• _EXERCISE PROMPT_
The finished copy must match the records exactly, except that it contains no pictures.

• _DATA SHOWN_
--

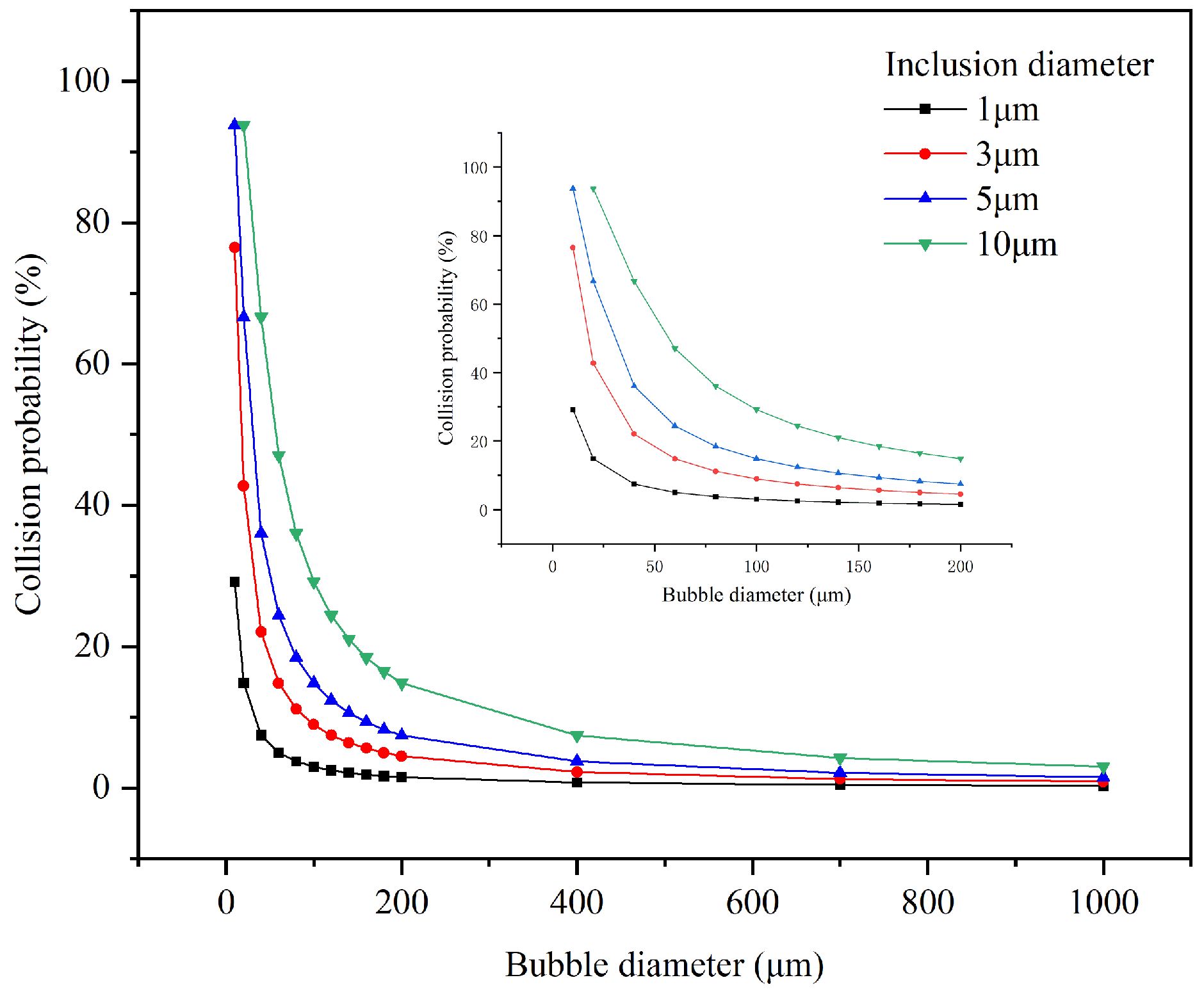 The observed bubble sizes in this experiment primarily range from 10 to 1000 μm. Consequently, the collision probability between bubbles and inclusions smaller than 10 μm is analyzed within this size range. The results are shown in
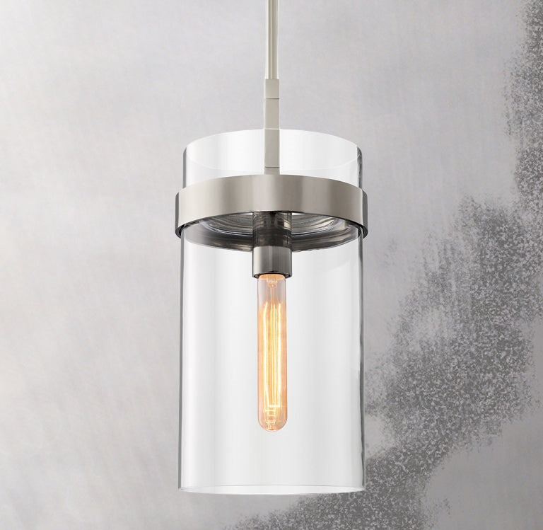 The Anello Pendant 8" brings sculptural elegance to any interior with its signature Anello design. A solid brass ring frame supports a blown glass cylinder upright, creating a refined crown-like silhouette that feels both linear and architectural.
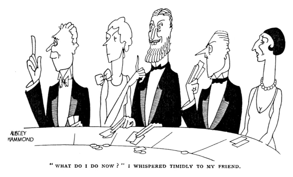 Unfortunately, by a curious law of fortune, the drawback is that you only win the first time you try your hand at the game, knowing nothing about it. How well I remember my initiation into the pastime, the evening when a kindly friend led me to the table and I sat blushfully at his side, wondering what it was all about. The ritual seemed meaningless to me. All round the board clustered Frenchmen (and French women) of varying degrees of homeliness, some with spade-shaped beards, all goggling with the tensity of city-visiting rustics watching their first traffic accident. A stern-faced gentleman of military aspect in the centre pushed a large shoe-shaped arrangement to the man on the left.
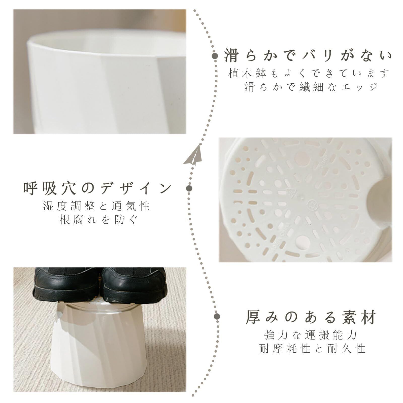 【素材】装飾的な植木鉢は、非常に耐久性があり、屋内または屋外での使用に適した高品質のPP+PETプラスチック素材で作られています。軽くて持ち運びやあつかいも楽で、ガーデニング初心者さんにもオススメです。
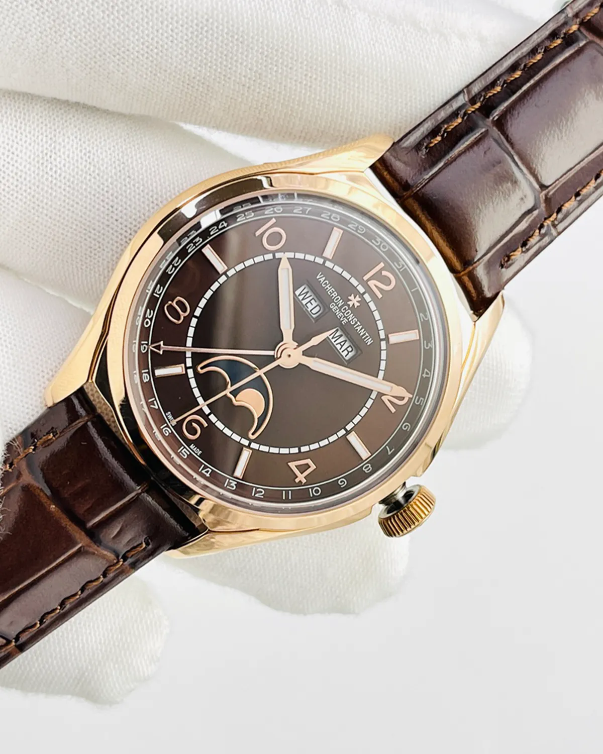 The FiftySix Complete Calendar bridges the gap between the golden age of watchmaking and contemporary style. The sepia brown dial combined with the warmth of pink gold creates a vintage aesthetic that feels incredibly sophisticated. It is a dress watch with character, designed for the modern gentleman who appreciates history.

--

• _ANSWER SPACE_
 The observed bubble sizes in this experiment primarily range from 10 to 1000 μm. Consequently, the collision probability between bubbles and inclusions smaller than 10 μm is analyzed within this size range. The results are shown in
 The Anello Pendant 8" brings sculptural elegance to any interior with its signature Anello design. A solid brass ring frame supports a blown glass cylinder upright, creating a refined crown-like silhouette that feels both linear and architectural.
 Unfortunately, by a curious law of fortune, the drawback is that you only win the first time you try your hand at the game, knowing nothing about it. How well I remember my initiation into the pastime, the evening when a kindly friend led me to the table and I sat blushfully at his side, wondering what it was all about. The ritual seemed meaningless to me. All round the board clustered Frenchmen (and French women) of varying degrees of homeliness, some with spade-shaped beards, all goggling with the tensity of city-visiting rustics watching their first traffic accident. A stern-faced gentleman of military aspect in the centre pushed a large shoe-shaped arrangement to the man on the left.
 【素材】装飾的な植木鉢は、非常に耐久性があり、屋内または屋外での使用に適した高品質のPP+PETプラスチック素材で作られています。軽くて持ち運びやあつかいも楽で、ガーデニング初心者さんにもオススメです。
 The FiftySix Complete Calendar bridges the gap between the golden age of watchmaking and contemporary style. The sepia brown dial combined with the warmth of pink gold creates a vintage aesthetic that feels incredibly sophisticated. It is a dress watch with character, designed for the modern gentleman who appreciates history.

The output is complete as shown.